The challenge is not trying solutions but finding the problems. I always instruct people to start at the amplifier and work backwards to isolate the problem. Remove the inputs to the amp, see if the hum is still there. Keep this process up adding back one piece at a time until you hear the hum. Now you’ve isolated the problem – and a solution is much easier to figure out.
Imagine if you went into your doctor with an ailment and he gave you a different pill to try each day – if one worked then he’d know what was wrong with you – provided the others didn’t kill you first.
Look for trouble first and solutions to the trouble second. It sharpens your focus.
Yesterday’s post about the Myth of Perfection stirred up a bit of a hornet’s nest. That’s great.

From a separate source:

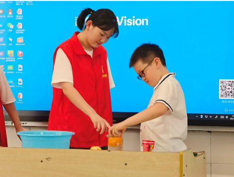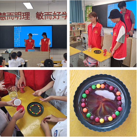 本期“科学实验进校园”为小朋友带来的两个实验是“彩虹摩天轮”和“穿救生衣的橘子”。第一个实验,志愿者向一个盘子中放入7颗彩虹糖,再倒入少许清水,静置两分钟后彩虹糖上的色素开始溶解于水,并向四处扩散,最终形成类似彩虹摩天轮的形状;第二个实验,利用橘子皮内海绵状组织疏松,密度小于水的密度的原理,使没剥皮的橘子上浮,剥了皮的橘子下沉。活动中,志愿者用风趣的教学方式引起员工的学习兴趣,使员工对志愿者所教内容充满好奇,员工都积极参与到课堂中回答问题,课堂氛围十分活跃。

The essence of the post is that perfection is only a point of view and only valid at the instant it happens and only if we accept the warts of the moment as part and parcel of that perfection. In other words, a perfect musical performance doesn’t mean the performer made no errors. It simply means those errors were perfect for the moment.

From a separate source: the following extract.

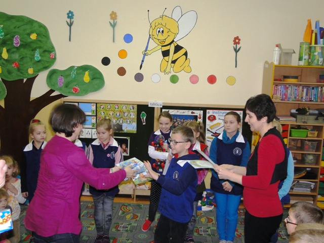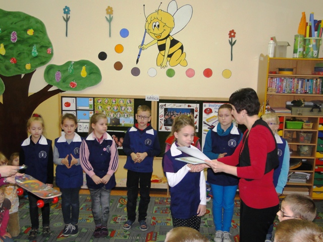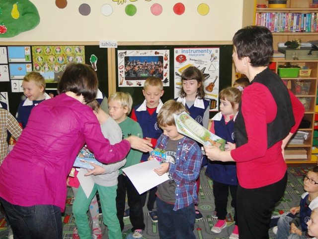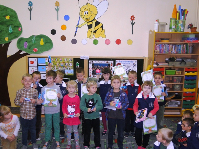 Nagrodzeni otrzymali upominki, które umilą długie jesienne wieczory np.: deskorolki, kolorowe koraliki do nawlekania, piłki, kolorowe kostki do nauki alfabetu. Wszyscy uczestnicy otrzymali także słodycze. Pani Beata Kornela pochwaliła ,,małych artystów” za wspaniałe występy i zachęciła do wzięcia udziału w konkursie w przyszłym roku.

Quite a few of my readers wrote back to say their quest for perfection in their high-end systems means they are an Audiophile by definition and they never intend to stop seeking the perfect performance. In fact, their quest for perfection is what defines them as Audiophiles and felt my post was meant to discredit their goals.
I disagree. In my view Audiophiles are those of us who have a desire for better sound and then take action to achieve that goal.
I too strive for the mythical perfection in my system, in my interaction with the music – but that’s not what qualifies me as an Audiophile – although most Audiophiles are looking for the same thing. I have met many an Audiophile who are completely delighted with their system and are looking for nothing more than to simply enjoy it every day. They are every bit as much an enthusiast as the person who never reaches a point of musical ecstasy and is never quite happy with the system.
I have no qualms with people striving for perfection – believe me – I support it and love the process. I just want us to remember there is no final plateau to reach – it is in fact the journey itself that is the goal and along the way we hit perfect time and again without even knowing it.
Perfection happens all the time in our lives – we just have to recognize when it occurs and bask in the moment – because it never stays in one place.
The above post is another one of those by McGowen I find contradictory. He says he knows many audiophiles who are completely happy with their systems and only want to enjoy them. (The goal I'm after with my system.) Yet he turns around and says he wants us to remember that there is no final plateau to reach and that the journey itself is the goal. So what then, have the ones who have reached a point of contentment with their systems lost track of the "goal" of home audio? Have they stopped being audiophiles? He states they are indeed audiophiles, so which is it? Sounds to me like the statement of a manufacturer who doesn't want us to forget his goal. Which is for us to continuously buy more gear in pursuit of the impossible sonic dream._mykl
Manufacturers try to brainwash us. Their new product is better than anything ever made. The re-release of a recording is the best sounding release possible. Manufacturers cannot survive if we stop buying.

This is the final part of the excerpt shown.